*DATASET CONTENT*.
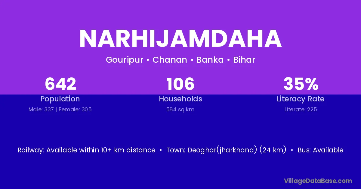 Deoghar(jharkhand) (24 km) is the nearest town to Narhijamdaha village for major economic activities and is located approximately 24 km away.
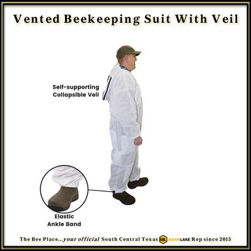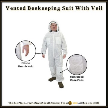 This ventilated full bee suit provides complete upper and lower body protection for hive work.
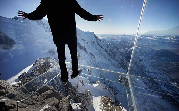 比如我們站在大廈頂層的平台上,從大廈邊緣往前看,我們會看到大廈的邊界突然消失,這樣會對大腦的判斷產生困擾,相反,如果是一條公路,一直延伸到遠處消失,就不會讓人害怕。

*DIRECTIONS*. Repeat all of the data above word for word, minus the pictures.

*OUTPUT OF THE TASK*.
 Deoghar(jharkhand) (24 km) is the nearest town to Narhijamdaha village for major economic activities and is located approximately 24 km away.
 This ventilated full bee suit provides complete upper and lower body protection for hive work.
 比如我們站在大廈頂層的平台上,從大廈邊緣往前看,我們會看到大廈的邊界突然消失,這樣會對大腦的判斷產生困擾,相反,如果是一條公路,一直延伸到遠處消失,就不會讓人害怕。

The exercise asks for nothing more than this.